Method of Preparation

  1. Preheat the oven to 350F
  2. Butter and flour the pan. The authors used a 10-inch fluted tube pan. I used a fluted designer pan.
  3. In a large bowl mix the two sugars and the spices (cinnamon, nutmeg, cloves)
  4. In another bowl whisk the eggs with the vanilla and the freshly graded ginger, then add the oil and mix well; next add the pumpkin puree into this mixture
  5. In the third bowl sift the flour, then add the salt, baking soda and the sifted cocoa powder
  6. Add the sugars to the bowl with the pumpkin puree and mix well.
  7. Add the chopped nuts and apples into the bowl where the pumpkin puree was added.
  8. Last step: pour the content of the bowl with the flour slowly in to the bowl where the pumpkin puree is, in three increments, stirring after each addition.
  9. Make sure that everything is mixed well; the batter appears to be smooth, unified color (no unmixed flour or other ingredient is visible)
  10. Add the entire content to the baking pan you prepared with the butter and flour and place the pan in the oven on the lower third rack.
  11. Bake for 60-70 minutes in a conventional and 50-60 minutes in a convection oven or until a cake tester comes out clean
  12. Let the cake to cool in the pan for 15 minutes then turn it out.

Prepare the glaze:

  1. Melt the chocolate in the microwave with the butter.
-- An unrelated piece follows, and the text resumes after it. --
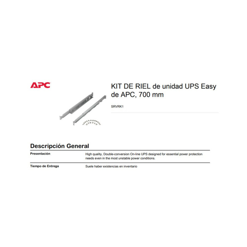 El Kit de rieles APC Easy UPS de 700MM es ideal para instalar tu UPS de forma rápida y sin complicaciones. Con una longitud de 700MM, este kit garantiza una instalación segura y estable. ¡Asegura la protección de tu equipo con APC!

Mix it well then add the liqueur and pour it immediately on the cake. Note: melt the chocolate on high power in increments of 20 seconds. After each 20 second, mix the chocolate with he butter to see if you need to continue to melt it or it will melt with the continued stirring.
  2. Let it set for 20-25 minutes before serving.
  3. You can still add whipped cream either next to the slice or on top of the slice.

I trust you will recreate this cake. It looks inviting (and trust me, you will serve seconds) . Do let me know your opinion.